The answer should hold only the lines from the one containing "Набор CITYRIDE роликовые" through the one containing "- Stylish Design: WORTH" in the entries below, copied exactly, without pictures.

▼▼▼

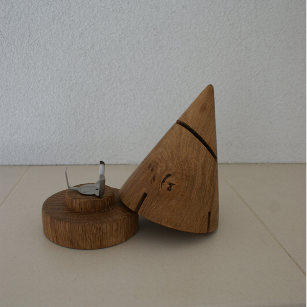 Diese Räucherfigur wurde aus Eichenholz hergestellt.
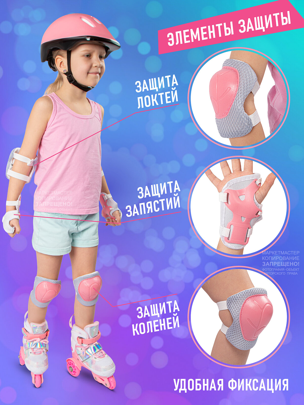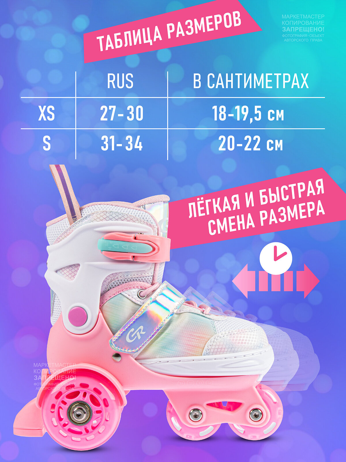 Набор CITYRIDE роликовые коньки-квады, шлем, защита, пластиковый мысок, колёса PU 80/40 мм, JB8800102/XS
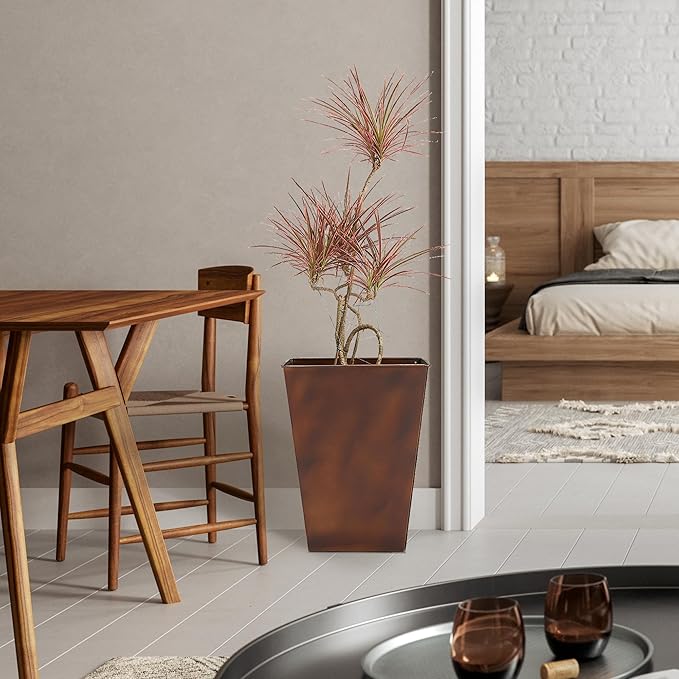 - Stylish Design: WORTH 18" tall square tapered planters feature a matte bronze retro finish; The sleek, retro design seamlessly complements any decor style, making these planters a stylish addition to your home or garden.
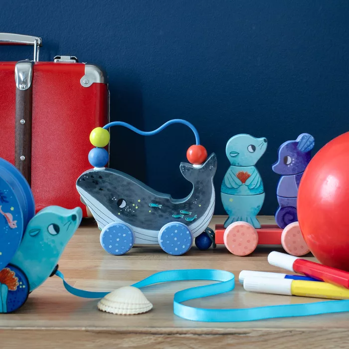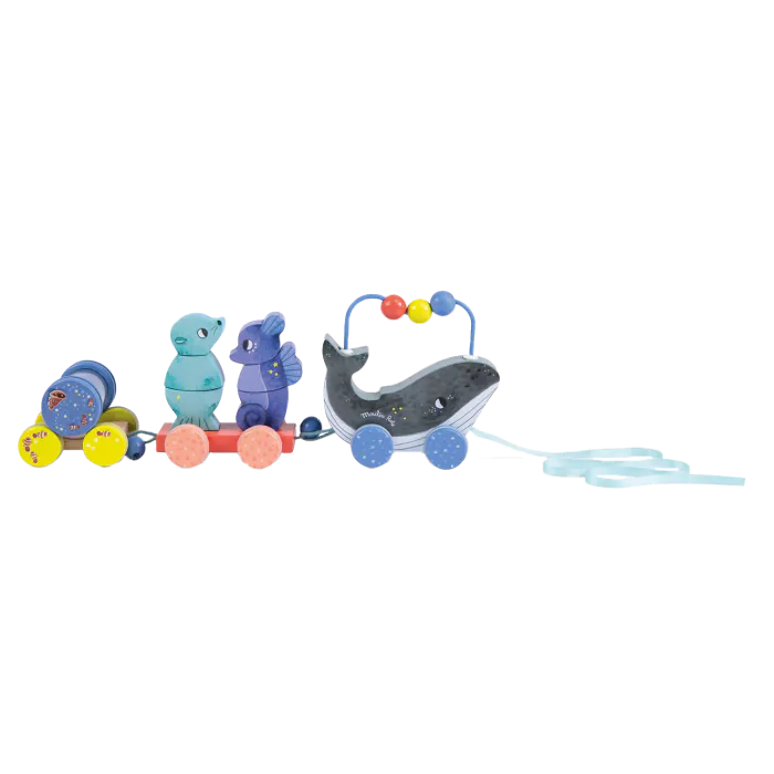 Bloup, bloup, sous l’océan la baleine fait danser dans son sillon ses amis, l’otarie et l’hippocampe. Train d’activités en bois 2 en 1, à la fois empilable et jouet à tirer. Comprend 1 locomotive + 2 wagons détachables. Collection Les Aventures de Paulie Dimension du produit 43 x 8 x 13,5 cm Détails des matières […]
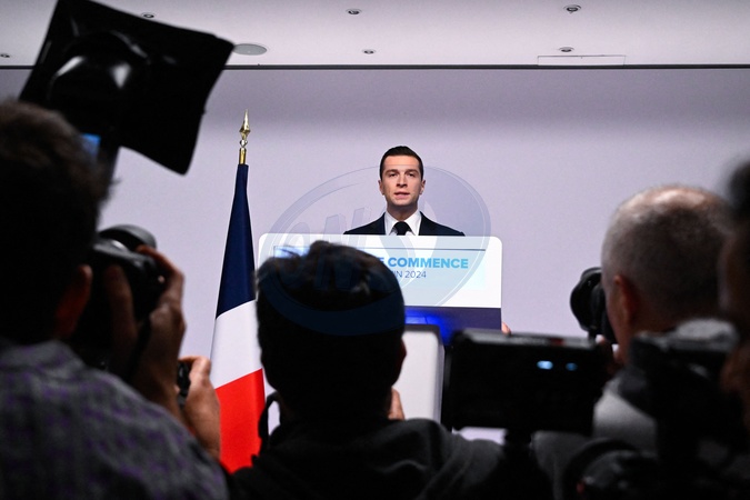Rassemblement national (RN) et principal eurodéputé, Jordan Bardella, prononce un discours lors de la soirée de résultats du premier tour des élections législatives à Paris le 30 juin 2024. L'extrême droite française a remporté le premier tour des élections législatives cruciales du 30 juin 2024, les forces centristes du président français n'arrivant qu'en troisième position derrière la gauche après le taux de participation le plus élevé depuis plus de quatre décennies, selon les estimations. French far-right Rassemblement National (RN) political party President and lead MEP Jordan Bardella gives a speech during the results evening of the first round of the parliamentary elections in Paris on June 30, 2024. France's far right won the first round of pivotal legislative elections on June 30, 2024, with the centrist forces of France's President coming in only third behind the left after the highest turnout in over four decades, estimates said.

▲▲▲

*EXPECTED ANSWER:*
 Набор CITYRIDE роликовые коньки-квады, шлем, защита, пластиковый мысок, колёса PU 80/40 мм, JB8800102/XS
 - Stylish Design: WORTH 18" tall square tapered planters feature a matte bronze retro finish; The sleek, retro design seamlessly complements any decor style, making these planters a stylish addition to your home or garden.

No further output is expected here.